Testing Chapter 2
Testing Chapter 2
Testing Chapter 2
AI for UI Testing
Just because certain tasks have historically required human effort does not mean that we won’t be able to automate
them someday. Once upon a time, we believed that tasks such as voice and image recognition, driving, and musical
composition were too difficult for computers to simulate. However, many of these tasks are now being automated
using the power of AI and machine learning. In some cases, AI is outperforming human experts in tasks such as
medical diagnosis, legal document analysis, and aerial combat tactics, among others. With that in mind, it really
shouldn’t surprise you that we’re leveraging AI for functional testing tasks that previously relied on the expertise of
human testers. Figure 2-1 illustrates how to train AI bots to perceive, explore, model, test, and learn software
functionality. It is important to note that even though learning through feedback is explicitly called out at the end,
the bots leverage machine learning at each stage of the process.
Perceive
A foundational step in functional UI test automation is having the ability to interact with the application’s screens,
controls, labels, and other widgets. Recall that traditional automation frameworks use the application’s DOM for
locating UI elements and that these DOM-based location strategies are highly sensitive to implementation changes.
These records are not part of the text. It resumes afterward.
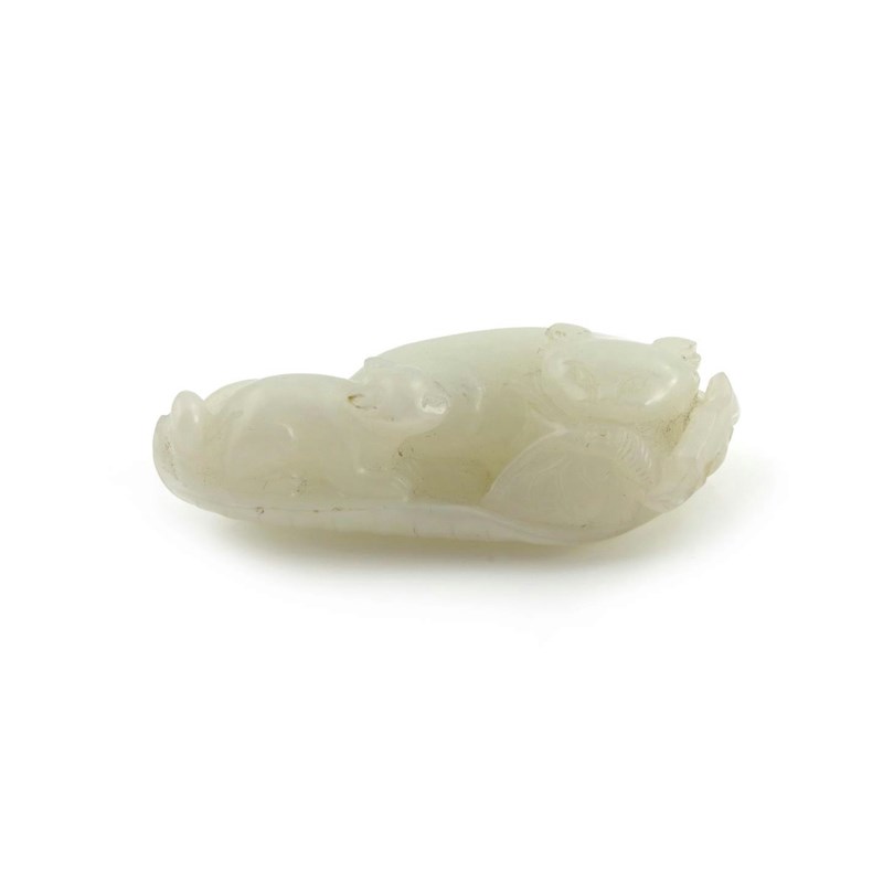 A Chinese white jade carving of a cat and her kitten 19th century, both resting together on a large artemesia leaf, the larger animal with a butterfly caught in her jaws, 6.8cm.
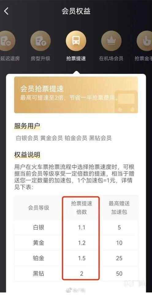 记者发现,在另一个第三方购票平台,会员分为普通、白银、黄金、铂金、黑钻等不同等级,不同等级享受不同权益。
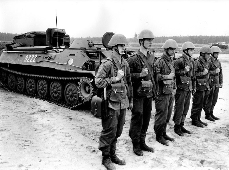 Im Bild eine angetretene Pioniergruppe vor dem Gefechtsfahrzeug MTLB. Dieser war für den Einsatz in den Pioniertruppen mit einem Container versehen worden, in welchem Sprengstoff und andere Pionierausrüstung transportiert wurde. Zur Pioniergruppe gehört neben dem Gruppenführer (Uffz.) noch 5 bis 6 Pioniere und der MTLB-Fahrer (ebenfalls Uffz.)
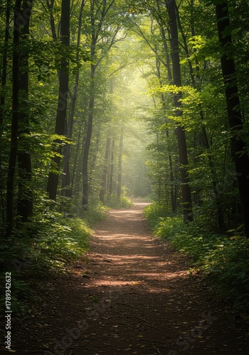 Fototapeta premium A winding forest path dappled with sunlight creates a beautiful, serene, and...

Leveraging AI for identifying UI elements can help to overcome these drawbacks. Just like humans, AI bots
recognize what appears on an application screen independently of how it is implemented. In fact, there need not be a
DOM at all, as the interaction can be based solely on image recognition. AI, and more specifically a branch of AI
known as computer vision, gives us the test automation superpower of being able to perceive anything with a screen.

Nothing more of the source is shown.